Re: Confirmation of Bug diagnosis sought

Posted: Mon May 07, 2018 1:54 am
by MichaelFarthing
Octocontrabass wrote:This is not the first report here of the firmware "helpfully" updating the BPB and corrupting the boot code as a result, but this is the first time anyone has claimed to see it on a partitioned disk. I have seen at least one PC that skipped the MBR and directly loaded the VBR, so it's not too surprising to see one that "fixes" the BPB in the VBR.


What filesystem type is indicated in the partition table? It's possible the firmware thinks it's trying to boot DOS, and DOS would be very unhappy if the BPB doesn't match INT 0x13.
Thanks very much for this.
I originally got my stuff on to the usb from linux using dd to move everything to the first partition and didn't think to mess with the partition table afterwards.

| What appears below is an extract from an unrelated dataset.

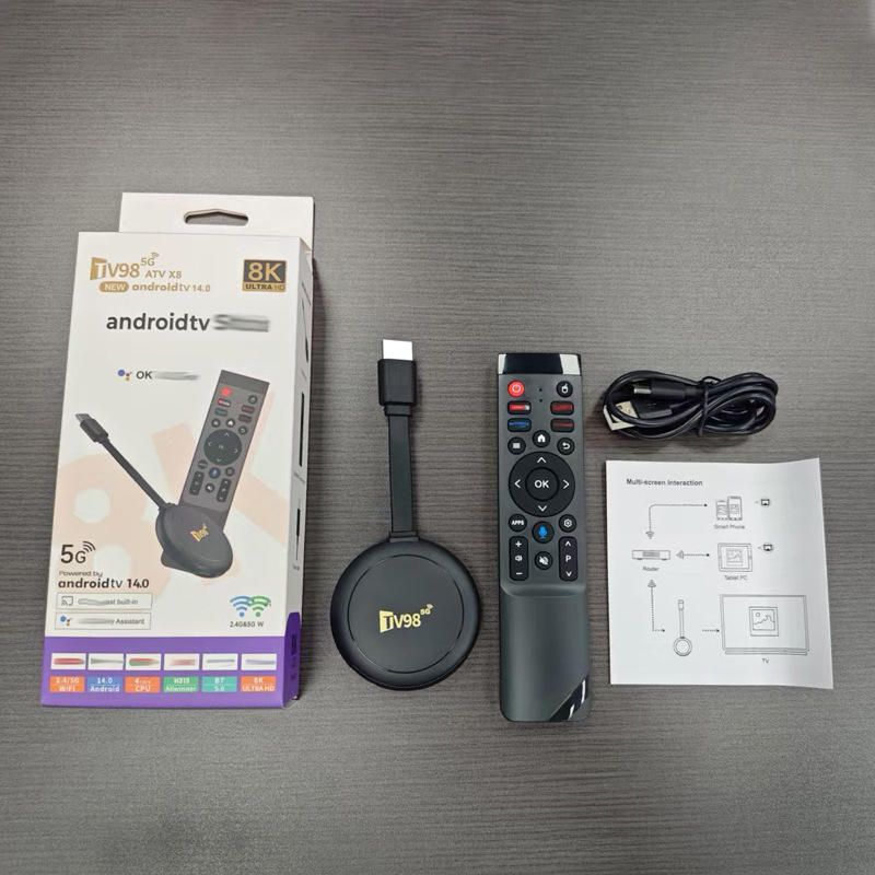 Tv98 Atv X8 Tv Stick Allwinner H313 Android 14.0 4K Wi-Fi with 1gb/8gb 2gb/16gb and Voice Remote Control

I hadn't paid much attention to the partition table, but having now done so doesn't give a plausible excuse for the firmware's behaviour (assuming that diagnosis is correct). The partition has a type identifier of 0x0b which is FAT32 and Disk Editor correctly presented a FAT32 template when inspecting the relevant VBR. This uses byte 0x40 of the VBR for the physical drive not byte 0x24, the offending location in my case. 0x24 is used by 16 bit FAT VBR type identifier 0x04. Still, I thought I didn't want my filesystem to continue masquerading as a FAT of any sort and so tried changing the partition type to 0x20 which is described in the Andries Brouwer list as "Unused. Rumoured to be used by Willowsoft Overture File System (OFS1), if there is such a thing". It would have been nice if some agreement could have been reached to dedicate a number to "Experimental and wacky systems only used by ludicrously hopeful one-man bands in their garden sheds"

Rebooting with this revision made not a bit of difference and byte 0x7c24 continues to appear altered to 0x80.
However, it's doing its job, if messily. I think the OS is a more interesting project than the bootloader!

Re: Confirmation of Bug diagnosis sought: Solved

Posted: Mon May 07, 2018 10:52 am
by MichaelFarthing
OK I misrepreented Toshiba. 'Twas not the fault of the computer. No! It was the USB flash disk itself (supplied by ... Toshiba).

The MBR of the flash disk does all the usual things and then decides it needs to discover what the drive number is. It is clearly afraid that the firmware will not be able to decide whether the drive should be treated as a floppy or a hard disk, so asks the bios which it is and then, instead of using dl, it picks either 0 or 0x80 depending on the result. Clearly when it boots the partition it doesn't want the partition to have the same non-existent problem and so inserts its decision into the loaded vbr before calling it.

And this time, having inspected the actual code, I am confident that the mystery is adequately solved.

I don't know why I didn't think to look at the mbr of the usb drive to begin with - sometimes the obvious just hides during debugging. It finally came to light when I decided to turn the drive into a hybrid MBR/GPT. I turned the first partition into the GPT protection partition and moved the boot partition to 2. It didn't then boot at all and that led me to look at the mbr code - which in addition to its playing with drive numbers also only looks at the first partition as a potential boot.